Using the kNN algorithm on this dataset, we were able to achieve an error rate of 1.05%.

### Next Steps

We can 
- vary k to see how this changes
- modify the handwritingClassTest() function to randomly select training examples, i.e., vary the number of training examples and see how that impacts the error rate
- apply kD-trees, a modification of kNN, which reduces the number of calculations.

### Summary

The k-Nearest Neighbors algorithm is a simple and effective way to classify data. The examples in this chapter should be evidence of how powerful a classifier it is. 
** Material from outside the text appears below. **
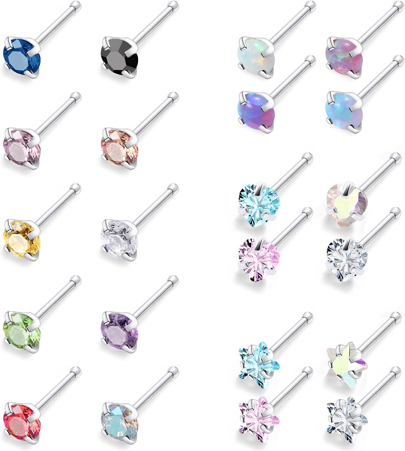20/18g Nose Rings Studs Straight/L/Corkscrew Shape Bars Piercings Jewelry for Women Hypoallergenic Surgical Steel

kNN is an example of instance-based learning, where we need to have instances of data close at hand to perform the machine learning algorithm. The algorithm has to carry around the full dataset; for large datasets, this implies a large amount of storage. In addition, we need to calculate the distance measurement for every piece of data in the database, and this can be cumbersome. 

An additional drawback is that kNN doesn’t give us any idea of the underlying structure of the data; we have no idea what an *average* or *exemplar* instance from each class looks like. 

In the next chapter, we’ll address this issue by exploring ways in which probability measurements can help us do classification.